About this task: Return, exactly and with nothing added, the line with "21D MARYLAND AVENUE" together with all lines after it through the end of the data below. No pictures belong in the copy.
Supplied records below:
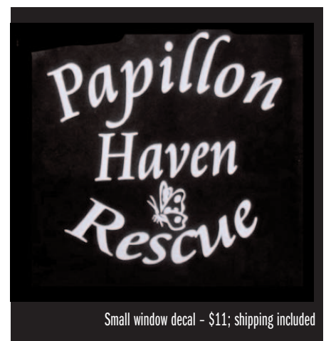
Small window decal - $11; shipping included
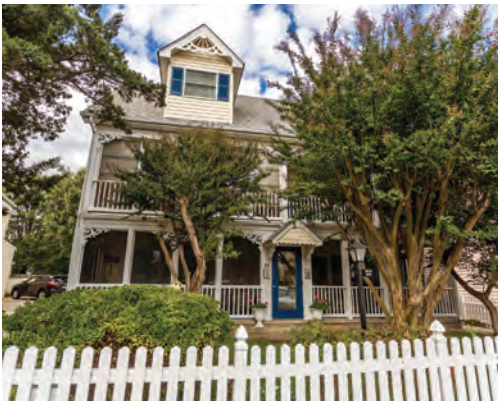
21D MARYLAND AVENUE Maryland Gardens 4 Bedrooms | 2 Baths | Sleeps 10 Ocean-Block · Screened Porch Rates: Call for Rates
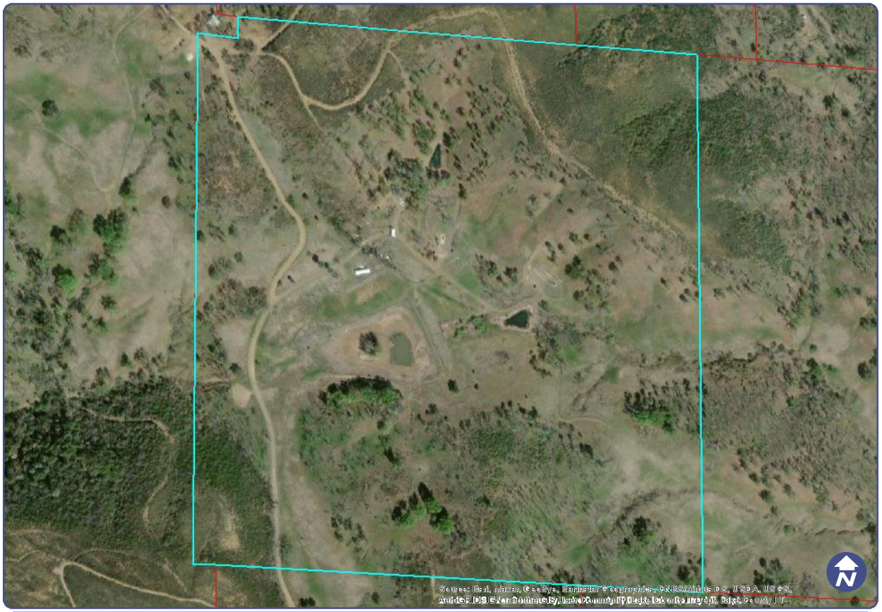
Figure 1. Aerial Image of Project Parcel/Property

The proposed cultivation site will be established in an area that has been used for agricultural purposes. As such, no trees or vegetation will be removed to establish the proposed cultivation operation.
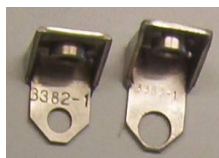
Bracket Velo .28 P/N 3382-1 Bracket Velo .38 P/N 3383-1
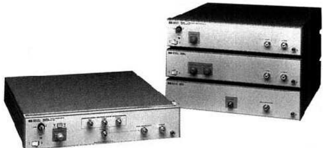
HP 83420A, 83421A, 83422A, 83423A
End of Supplied records.
Expected answer:
21D MARYLAND AVENUE Maryland Gardens 4 Bedrooms | 2 Baths | Sleeps 10 Ocean-Block · Screened Porch Rates: Call for Rates
Figure 1. Aerial Image of Project Parcel/Property

The proposed cultivation site will be established in an area that has been used for agricultural purposes. As such, no trees or vegetation will be removed to establish the proposed cultivation operation.
Bracket Velo .28 P/N 3382-1 Bracket Velo .38 P/N 3383-1
HP 83420A, 83421A, 83422A, 83423A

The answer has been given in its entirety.